Setiap orang pernah mati setidaknya sekali.

Adalah ide sederhana yang terbit dari bunga tidur Pangeran Mali, yang kemudian mengecambahkan ideologi. Kini bersemi menjadi keyakinan tak terpatah.

Apakah kau berkenan mengintip isi mimpi Mali yang kontroversi? Bersumpahlah dahulu kau bukan seorang yang penuh perbantahan (seperti adiknya dan banyak orang). Mali mempunyai adicita yang tak sembarang orang (tak sesiapa pun!) mafhum. Seperti contohnya ada masa jarum jam menunjuk pukul dua belas siang, yaitu pada saat menanjaknya bola panas di belahan langit negeri Sisi Baik. Mali mengaku mampu merasakan panas bola itu menyemban kulitnya di negeri sendiri, Sisi Buruk. Negeri tak kenal siang yang langitnya selalu kosong, hanya digantungi riak awan pemekat malam. Sementara adiknya berdiri membeliak di sisinya, mencari-cari matahari tak kasat yang kakaknya dapat melihat.

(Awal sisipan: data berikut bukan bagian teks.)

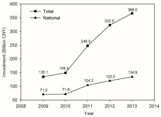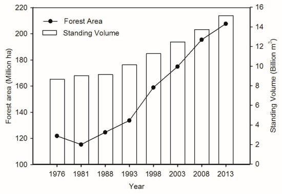 According to the 8th National Forest Resource Inventory (2009–2013) [17], the total area of forestland in China is 310 million ha. Forty percent of the forestland is owned by the state, and 60% is owned by collectives. Forested land area in China is 207.69 million ha, and the standing volume of timber is 15.14 billion m3. Since the first forest resource inventory in 1976, the standing volume has increased from 8.66 billion m3 to 15.14 billion m3 [17]. Forest area decreased from 121.86 million ha to 115.28 million ha between the first and the second national forest resource inventories. Thereafter, it increased steadily from 115.28 million ha in 1981 to 207.69 million ha in 2013 (Figure 1). Ecosystem protection is becoming more and more important in China’s forest policy. To increase forest coverage and the volume of standing timber and to enhance the carbon sequestration capacity are top priorities of the forestry sector. The planting area within four key forestry programs (the Natural Forest Protection Program, the Sloping Land Conversion Program, the Desertification Combating Program around Beijing and Tianjin, and the Shelterbelt project) was 1.93 million ha in 2014, accounting for 34.74% of the total planting area in 2014 [18]. Investment in China’s forestry sector is growing (Figure 2). During 2009–2013, the total investments grew from 135.1 to 366 billion CNY, and the public investments raised from 71 to 134.9 billion CNY (1 CNY = 0.1439 USD as of 21 December 2016).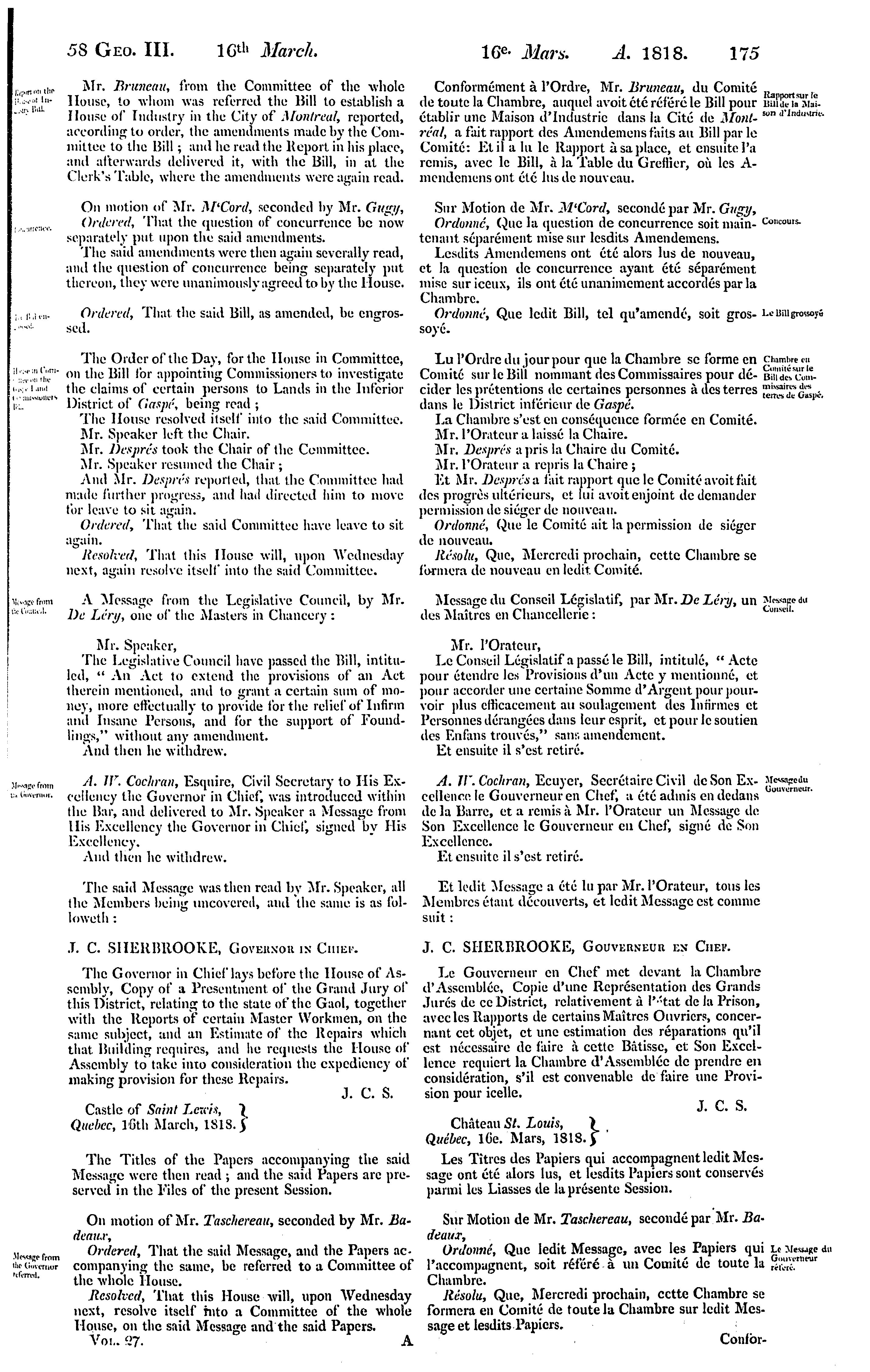 Journaux de la Chambre d'assemblée du Bas-Canada, depuis le 7e janvier, jusqu'au 1er avril, 1818, dans la cinquante-huitième année du règne de sa Majesté George Trois, étant la seconde session du neuvième Parlement provincial de cette province, sess. 1818 - Adresse bibliographique

"Mana? Aku tak melihat apa pun."

Mali tersenyum bangga dan mengentakkan dagunya. "Tentu, sudah digariskan sejak generasi iblis pertama bermukim di selatan, Liveo, hanya yang terpilih saja dapat melihat rupa aslinya yang tanpa geligi taring terongko dan berjubah kulit armadillo. Generasi manusia saat ini terlalu sering melihat yang buruk atau yang jelek-jelek saja, mengabaikan detail kecil sederhana namun cantik. Seperti matahari yang barusan kulihat melintas dengan lingkarnya penuh sulur menggelegak. Hanya yang bermata tajam nan tahu cara melihat perspektif bisa menengoknya."

"Enyahkan lamunan penuh delusi itu!" Pangeran Liveo memekikkan keluhan banyak orang, yang selama ini membisu karena takut membalah (atau takut dibilang terlampau dungu bila berhadapan dengan Mali).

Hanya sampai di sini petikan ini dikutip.